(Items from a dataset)
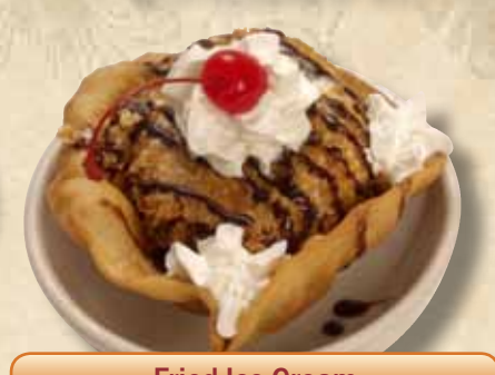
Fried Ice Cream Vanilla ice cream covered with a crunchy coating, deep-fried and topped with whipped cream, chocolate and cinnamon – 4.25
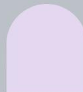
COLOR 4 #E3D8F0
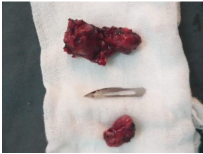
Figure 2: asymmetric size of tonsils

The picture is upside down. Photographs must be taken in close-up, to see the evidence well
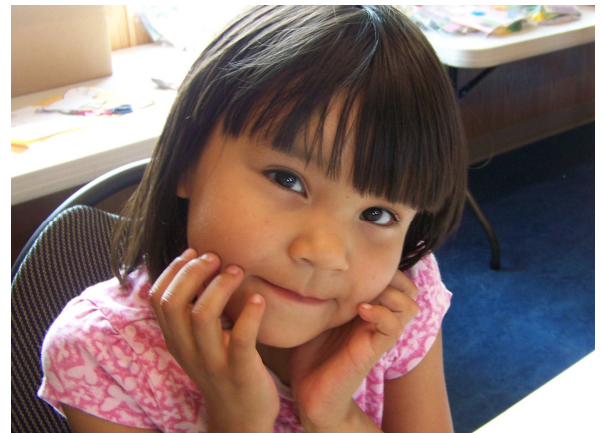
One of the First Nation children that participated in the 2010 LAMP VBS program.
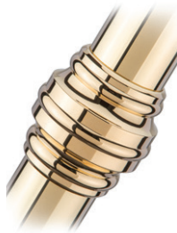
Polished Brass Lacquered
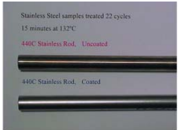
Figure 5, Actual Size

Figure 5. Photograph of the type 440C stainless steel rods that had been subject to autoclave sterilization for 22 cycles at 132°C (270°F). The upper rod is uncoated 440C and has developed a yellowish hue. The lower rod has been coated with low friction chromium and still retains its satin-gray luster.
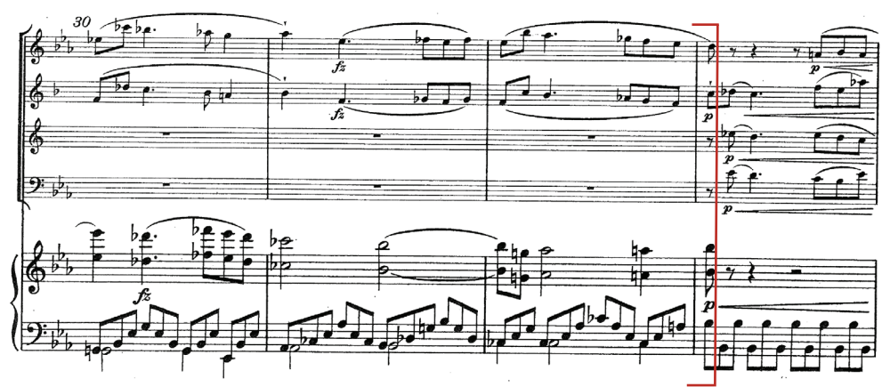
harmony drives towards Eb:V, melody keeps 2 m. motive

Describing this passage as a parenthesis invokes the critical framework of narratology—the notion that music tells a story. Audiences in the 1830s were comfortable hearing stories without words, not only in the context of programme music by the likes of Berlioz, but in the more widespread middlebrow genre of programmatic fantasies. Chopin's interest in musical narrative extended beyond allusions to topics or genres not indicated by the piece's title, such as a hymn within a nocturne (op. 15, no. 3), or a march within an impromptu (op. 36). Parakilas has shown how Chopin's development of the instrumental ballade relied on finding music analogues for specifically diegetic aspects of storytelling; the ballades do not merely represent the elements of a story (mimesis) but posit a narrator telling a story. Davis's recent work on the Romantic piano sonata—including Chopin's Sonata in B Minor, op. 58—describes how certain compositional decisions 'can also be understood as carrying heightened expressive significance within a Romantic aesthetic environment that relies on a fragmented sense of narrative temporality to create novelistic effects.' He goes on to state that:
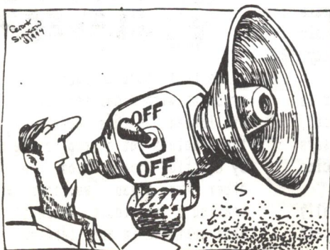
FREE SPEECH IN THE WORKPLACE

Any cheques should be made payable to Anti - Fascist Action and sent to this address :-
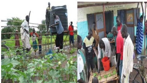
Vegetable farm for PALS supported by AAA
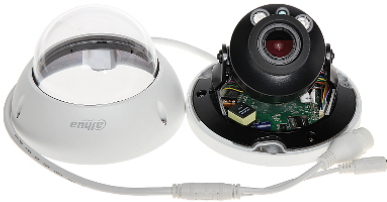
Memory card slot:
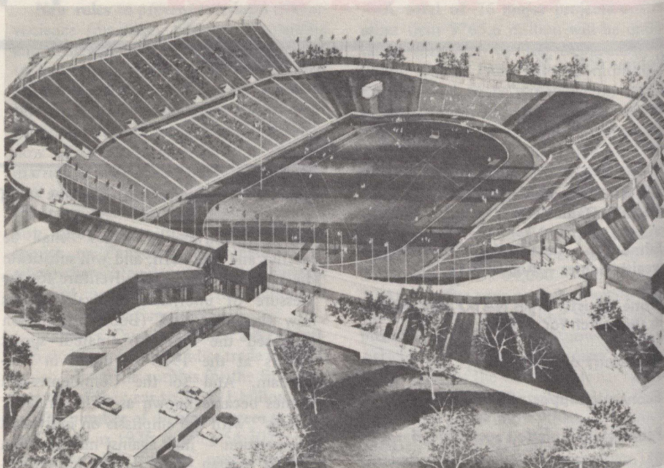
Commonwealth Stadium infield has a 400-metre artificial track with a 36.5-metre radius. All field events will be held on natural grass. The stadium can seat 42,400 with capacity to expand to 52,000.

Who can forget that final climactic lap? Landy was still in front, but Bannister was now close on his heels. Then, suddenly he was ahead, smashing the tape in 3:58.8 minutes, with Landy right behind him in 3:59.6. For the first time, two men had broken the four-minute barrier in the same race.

==

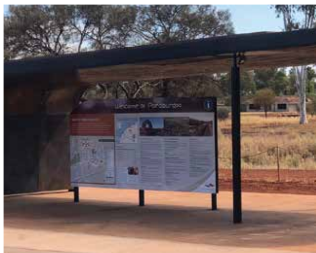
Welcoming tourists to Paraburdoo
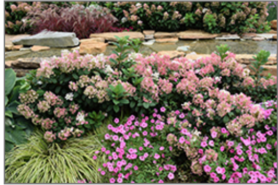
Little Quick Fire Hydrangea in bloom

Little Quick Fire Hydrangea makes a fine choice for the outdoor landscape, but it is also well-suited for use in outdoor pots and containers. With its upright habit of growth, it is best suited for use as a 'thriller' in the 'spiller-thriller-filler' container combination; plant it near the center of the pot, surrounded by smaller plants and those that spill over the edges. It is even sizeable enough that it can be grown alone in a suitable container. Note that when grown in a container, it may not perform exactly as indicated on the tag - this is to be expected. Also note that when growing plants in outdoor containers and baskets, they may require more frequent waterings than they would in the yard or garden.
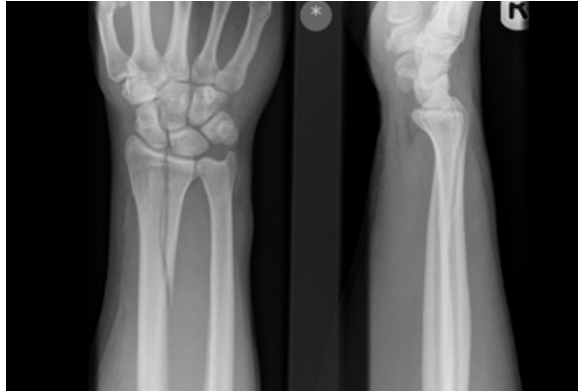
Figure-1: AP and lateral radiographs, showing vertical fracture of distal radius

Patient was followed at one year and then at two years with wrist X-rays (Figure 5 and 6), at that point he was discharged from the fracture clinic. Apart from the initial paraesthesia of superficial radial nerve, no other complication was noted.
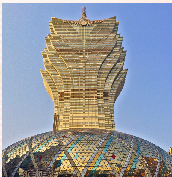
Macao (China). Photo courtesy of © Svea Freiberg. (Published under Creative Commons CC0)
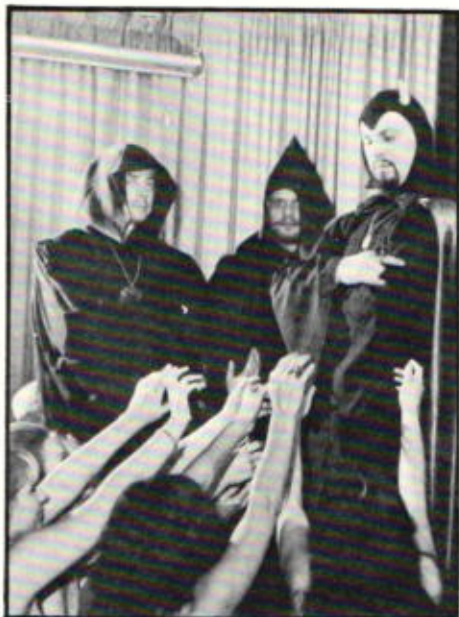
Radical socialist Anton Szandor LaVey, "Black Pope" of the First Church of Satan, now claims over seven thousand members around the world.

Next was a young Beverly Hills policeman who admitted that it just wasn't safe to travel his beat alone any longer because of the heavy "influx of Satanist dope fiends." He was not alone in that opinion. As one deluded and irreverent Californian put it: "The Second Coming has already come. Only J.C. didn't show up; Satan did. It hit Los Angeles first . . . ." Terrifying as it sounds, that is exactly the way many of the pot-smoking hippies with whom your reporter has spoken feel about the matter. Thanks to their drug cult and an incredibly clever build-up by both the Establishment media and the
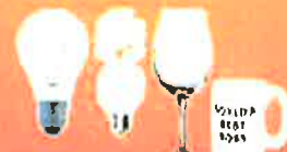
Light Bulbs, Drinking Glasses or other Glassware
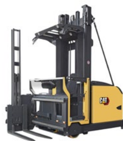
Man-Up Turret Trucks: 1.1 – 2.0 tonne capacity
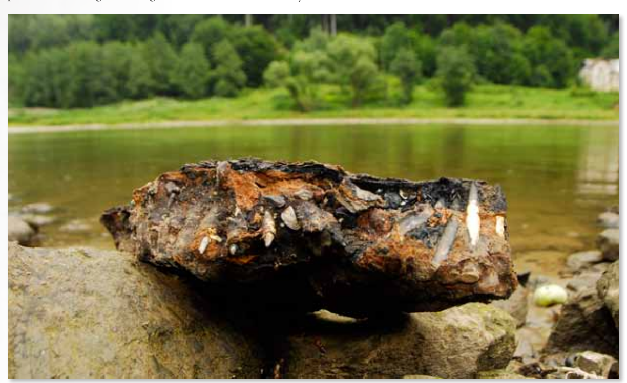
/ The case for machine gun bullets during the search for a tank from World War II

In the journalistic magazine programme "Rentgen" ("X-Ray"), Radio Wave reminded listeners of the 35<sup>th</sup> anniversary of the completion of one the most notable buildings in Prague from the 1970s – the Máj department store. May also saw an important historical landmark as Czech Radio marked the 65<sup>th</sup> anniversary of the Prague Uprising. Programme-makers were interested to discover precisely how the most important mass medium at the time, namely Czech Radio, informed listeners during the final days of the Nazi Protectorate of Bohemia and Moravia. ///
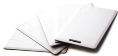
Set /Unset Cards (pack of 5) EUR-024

Exercise goal:
The copy should hold exactly the lines above from the one with "Fried Ice Cream" through the one with "harmony drives towards", both ends counted, and no pictures at all.

Exercise result:
Fried Ice Cream Vanilla ice cream covered with a crunchy coating, deep-fried and topped with whipped cream, chocolate and cinnamon – 4.25
COLOR 4 #E3D8F0
Figure 2: asymmetric size of tonsils

The picture is upside down. Photographs must be taken in close-up, to see the evidence well
One of the First Nation children that participated in the 2010 LAMP VBS program.
Polished Brass Lacquered
Figure 5, Actual Size

Figure 5. Photograph of the type 440C stainless steel rods that had been subject to autoclave sterilization for 22 cycles at 132°C (270°F). The upper rod is uncoated 440C and has developed a yellowish hue. The lower rod has been coated with low friction chromium and still retains its satin-gray luster.
harmony drives towards Eb:V, melody keeps 2 m. motive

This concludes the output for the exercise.